A century ago, if you had told typical citizens of Argentina (which at that time was enjoying the fourth‐highest per capita income in the world) that it would decline to become just the 76th richest nation on a per capita basis in 2010, they probably would not have found it believable. They might have responded, “This could not happen; we are a nation rich in natural resources, with a great climate for agriculture. Our people are well educated and largely descended from European stock. We have property rights, the rule of law and an open free‐market economy.”
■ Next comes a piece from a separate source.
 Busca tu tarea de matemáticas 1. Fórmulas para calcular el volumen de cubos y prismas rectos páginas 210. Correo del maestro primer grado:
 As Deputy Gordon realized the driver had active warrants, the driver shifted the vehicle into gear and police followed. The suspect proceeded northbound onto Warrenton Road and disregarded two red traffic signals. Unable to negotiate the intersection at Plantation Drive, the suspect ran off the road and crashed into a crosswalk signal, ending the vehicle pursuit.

But the fact is, Argentina has been going downhill for eight decades, and it has the second‐worst credit ranking in the entire world — only Venezuela has a lower ranking. Argentina, despite its natural resources and human capital, has managed to throw it all away. Argentina did not become relatively poor because of having been involved in destructive conflicts. It became poor because it has had a series of both democratically elected leaders and non‐elected dictators who never missed an opportunity to make the wrong economic decisions. It is, once again, trying to renege on paying the principal and interest on Argentine government bonds to foreign bondholders, and hence New York state (where many of the bonds are serviced) may take further action against Argentina, including fines and asset seizures.
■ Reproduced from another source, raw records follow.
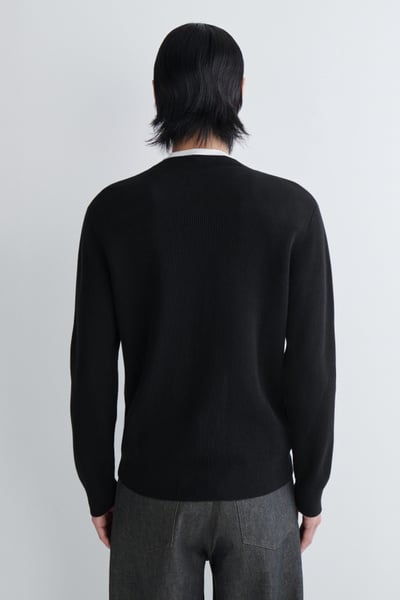 This timeless sweater will transition your wardrobe into the cooler seasons ahead. Offered in versatile black, it’s knitted from light yet tactile cotton and features a ribbed crew neck, cuffs, and hem. Style it with classic denim.
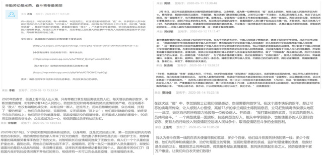 在这场共抗疫情的人民战争中,最让我们关注的便是那危急关头涌现出的无名英雄们:他们是闻令而动的人民解放军、是日夜奋战在一线的医护人员、是保障城市正常运行的环卫工人、是警察、是建筑工人、是社区工作者……通过在易班平台上学习、讨论、分享所了解到的抗疫先进事迹,支部成员们对榜样们不懈奋斗、无私奉献、敢为人先的精神有了更深刻的认识与感悟。
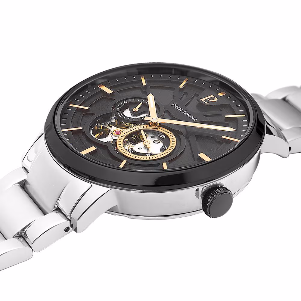 Affichez votre raffinement avec la montre Pierre Lannier Trio Automatique au cadran noir et au bracelet en acier, et soyez prêt à briller en toutes occasions. Une montre qui transcende le temps et le style.
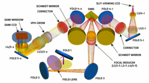 O SOAR Adaptive Module Optical Spectrograph (SAMOS) é um espectrógrafo multiobjeto configurável que se conecta entre o SAM e o SAMI. Seu funcionamento é baseado em um dispositivo de microespelhos digitais (DMD), que permite configurar “fendas” em tempo real, eliminando a necessidade de pré-imagens e máscaras físicas. Isso possibilita registrar espectros de múltiplos alvos simultaneamente.
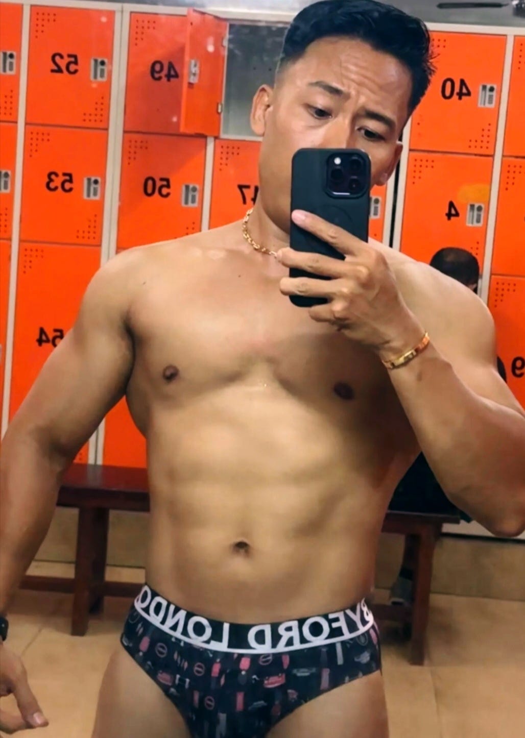 Thuong was already in his thongs. His “business attire” collapsed into a heap on the dirty marble tiles. That dragon/phoenix tattoo looked like it was about to take flight and the water sliding off his bronzed pecs, made Lewis realize that this was a man who had deep cavities. 1.7 meters of pure muscle.

In the 1930s, the Argentine government increased its interventions in the private economy. Juan Peron took over in 1946 and ended up nationalizing the railroads, the merchant marine, public utilities, public transport and other parts of the private economy. For much of the past half‐century, Argentina has engaged in a series of erratic monetary policies, often resulting in periods of very high inflation and economic stagnation. Because of their political power, the unions have been coddled, resulting in unsustainable wage‐and‐benefit programs. Excessive government spending has caused recurrent fiscal meltdowns, where both foreign and domestic debt‐holders have lost many of their investments.
According to the Economic Freedom of the World Annual Report (published by the Fraser Institute in cooperation with the Cato Institute and others), Argentina ranks 105 out of 141 countries surveyed. Similarly, the 2010 Index of Economic Freedom (published by the Heritage Foundation and the Wall Street Journal) ranks Argentina 135 out of the 179 countries surveyed. (The U.S. is No. 8 and falling.)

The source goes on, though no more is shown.